There’s no git repository, so I downloaded the latest version, extracted it, and iniitialized a local git repository and commited everything, mostly so I could track what my changes. I pushed it to github just to have a backup.

Since I’m a puts debuggerer, I started sprinkling printf statements throughout the code, starting from main. Eventually I found that it crashed in a *s == *t && strcmp(s,t) == 0. This suggested that the attribute value in the query, while empty, was being set to NULL.

I tracked this down to parse_selector. It only allocated the string when visiting the first character in the value’s string. The main change ended up being small:

1
2
3
4
5
6
7
8
9
10
11
12
13
14
15
16
17
18
19
20
21
22
23
24
25
26
27
diff --git a/selector.c b/selector.c
index 25a5f7c..a068527 100644
--- a/selector.c
+++ b/selector.c
@@ -314,12 +314,20 @@ EXPORT Selector parse_selector(const string selector, string *rest)
       else errexit("Expected string or name after \"=\" but found \"%c\"\n",*s);
       break;
     case DSTRING:                              /* Inside "..." */
-      if (*s == '"') {s++; state = AFTER_VALUE;}
+      if (*s == '"') {
+        s++;
+        if (!sel->attribs->value) sel->attribs->value = newstring("");
+        state = AFTER_VALUE;
+      }
       else if (*s == '\\') parse_escape(&s, &sel->attribs->value);
       else {strappc(&sel->attribs->value, *s); s++;}
       break;
     case SSTRING:                              /* Inside "..." */
-      if (*s == '\'') {s++; state = AFTER_VALUE;}
+      if (*s == '\'') {
+        s++;
+        if (!sel->attribs->value) sel->attribs->value = newstring("");
+        state = AFTER_VALUE;
+      }
       else if (*s == '\\') parse_escape(&s, &sel->attribs->value);
       else {strappc(&sel->attribs->value, *s); s++;}
       break;

This initializes the string if it hadn’t been initialized when the end quote marker is detected. I added a unit test and struggled a bit with autotools to see it working.

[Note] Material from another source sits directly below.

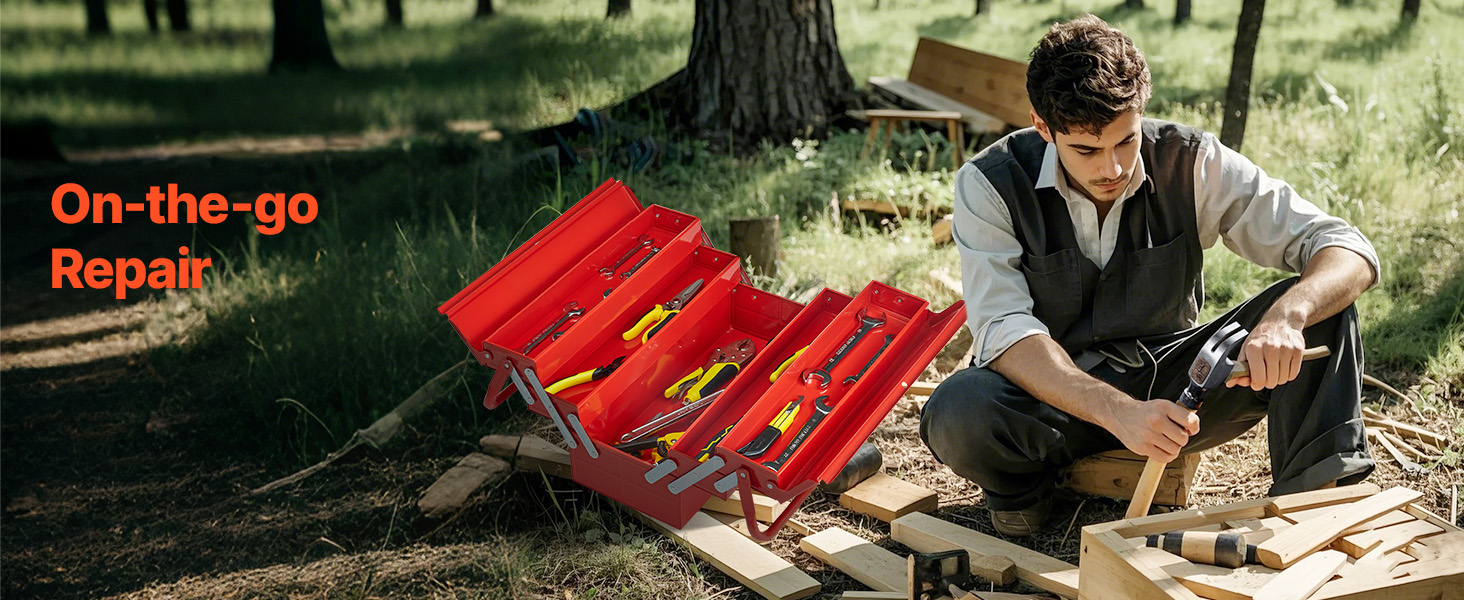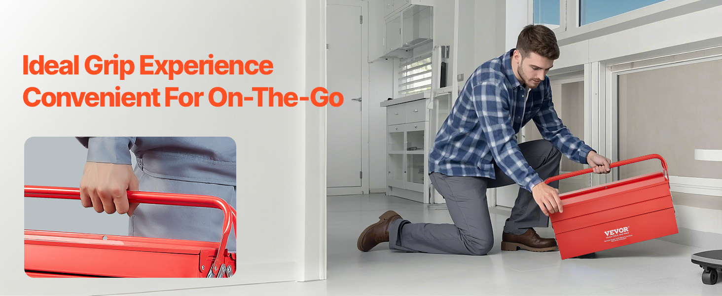 Convenient for Transport: Equipped with dual handles, this portable toolbox is easy to carry, even when full. The comfortable grip ensures no strain while moving it, and the handles fold away, allowing unobstructed access to your tools.

Once it was working, I had to figure out how to send it upstream. I checked the changelog, and got an email address. I generated a patch via git format-patch:

1
2
$ git format-patch HEAD~
0001-Fix-segfault-when-querying-for-empty-attributes.patch

A few hours after I emailed the patch, the author released a new version (7.9).

The next step is to get it packaged for Debian. Going to https://tracker.debian.org/pkg/html-xml-utils pointed me to a Salsa repository. I made a merge request that refreshes the upstream source code from 7.7 to 7.9:

https://salsa.debian.org/rnaundorf-guest/html-xml-utils/-/merge_requests/2

It’s still pending review, and I’ll need to work on a merge request to the actual debian files. This is the first time I’m involved with the release of a Debian package, so I’m not sure how long this process is going to take.